## Directions
Starting at the line holding "En la parte superior" and finishing at the line holding "Default values and", transcribe the material exactly, keeping both ends but no pictures.

## Data excerpts
__________________________________________________

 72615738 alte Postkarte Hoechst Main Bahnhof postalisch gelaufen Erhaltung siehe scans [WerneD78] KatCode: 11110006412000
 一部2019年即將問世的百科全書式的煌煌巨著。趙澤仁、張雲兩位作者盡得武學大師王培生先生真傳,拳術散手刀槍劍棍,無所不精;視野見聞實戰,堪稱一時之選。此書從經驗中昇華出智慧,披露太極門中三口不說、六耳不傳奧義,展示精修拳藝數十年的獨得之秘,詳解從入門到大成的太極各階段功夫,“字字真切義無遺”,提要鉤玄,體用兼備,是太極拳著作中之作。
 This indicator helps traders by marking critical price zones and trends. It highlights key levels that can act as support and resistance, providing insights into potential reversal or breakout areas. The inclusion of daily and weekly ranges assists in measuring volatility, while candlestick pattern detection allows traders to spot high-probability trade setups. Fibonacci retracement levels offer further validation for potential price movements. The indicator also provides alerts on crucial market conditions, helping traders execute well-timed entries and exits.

__________________________________________________

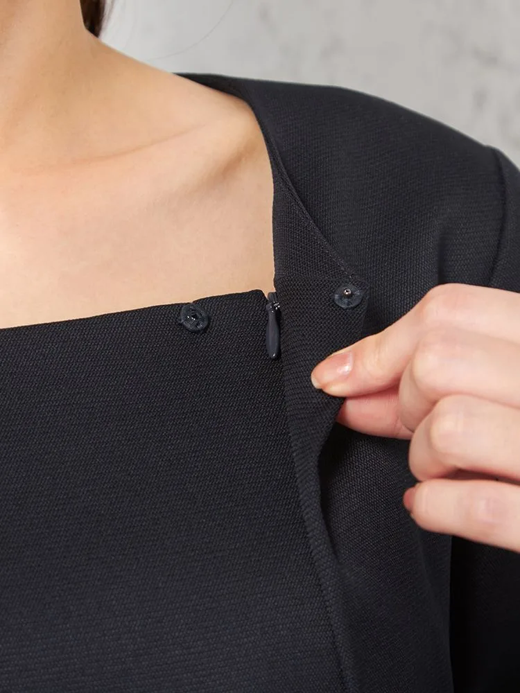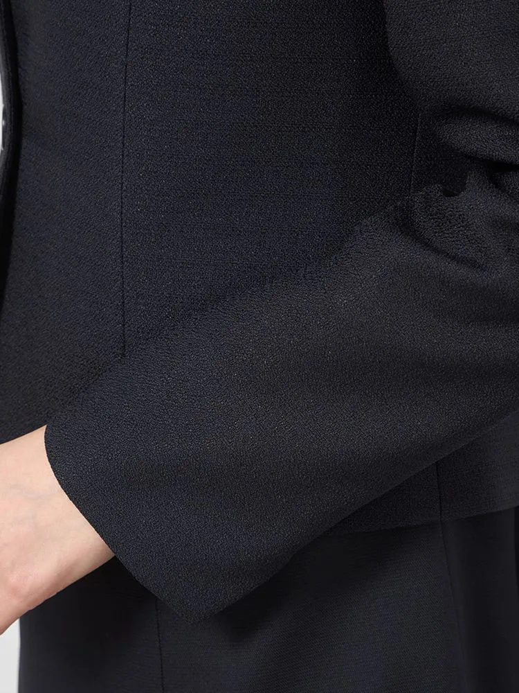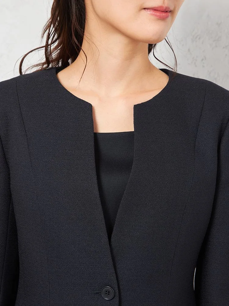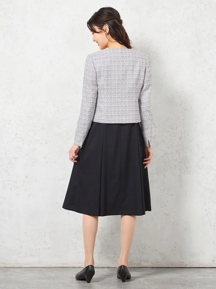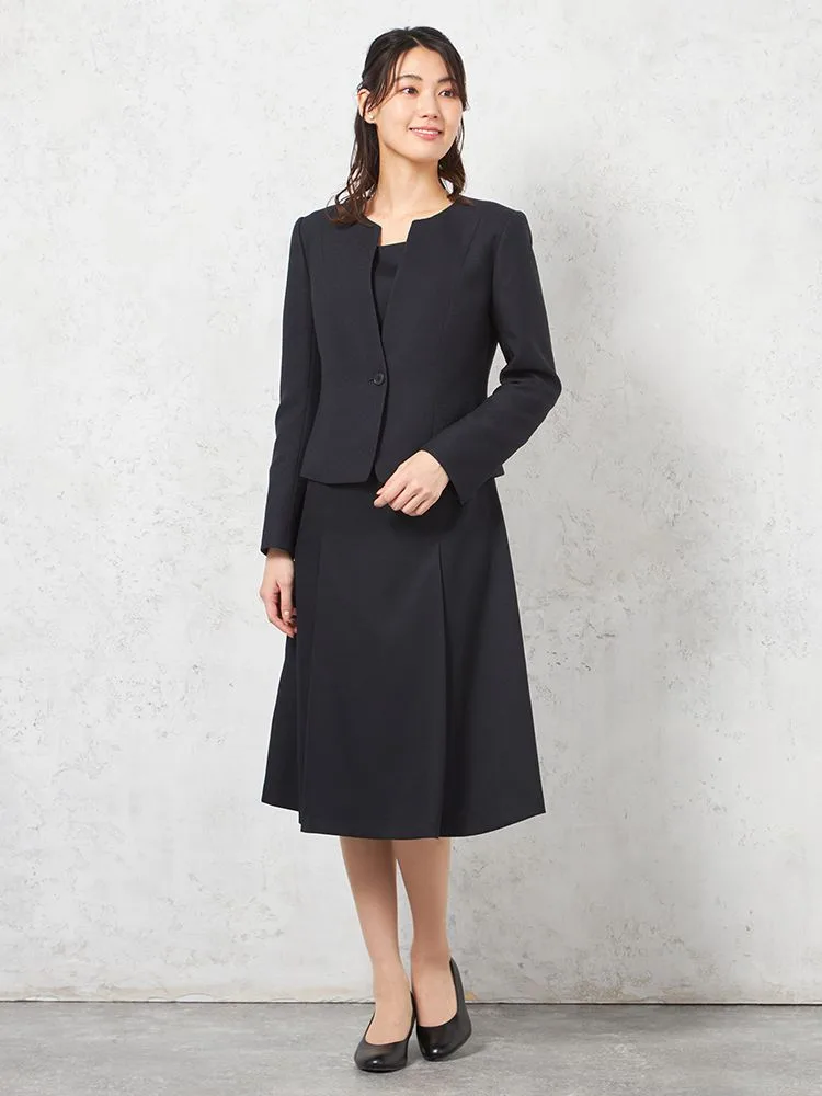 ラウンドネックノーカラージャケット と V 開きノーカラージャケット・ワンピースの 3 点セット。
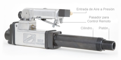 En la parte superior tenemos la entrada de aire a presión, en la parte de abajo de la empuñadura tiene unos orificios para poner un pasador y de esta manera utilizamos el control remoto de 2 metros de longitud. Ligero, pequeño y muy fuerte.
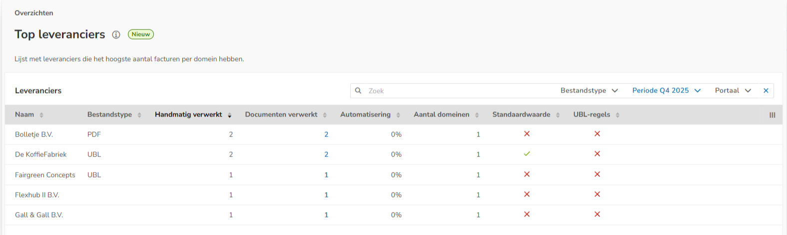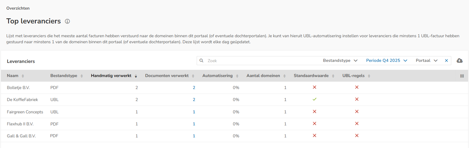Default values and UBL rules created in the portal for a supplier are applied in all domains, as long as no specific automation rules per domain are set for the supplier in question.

__________________________________________________

## Solution to the exercise
 En la parte superior tenemos la entrada de aire a presión, en la parte de abajo de la empuñadura tiene unos orificios para poner un pasador y de esta manera utilizamos el control remoto de 2 metros de longitud. Ligero, pequeño y muy fuerte.
Default values and UBL rules created in the portal for a supplier are applied in all domains, as long as no specific automation rules per domain are set for the supplier in question.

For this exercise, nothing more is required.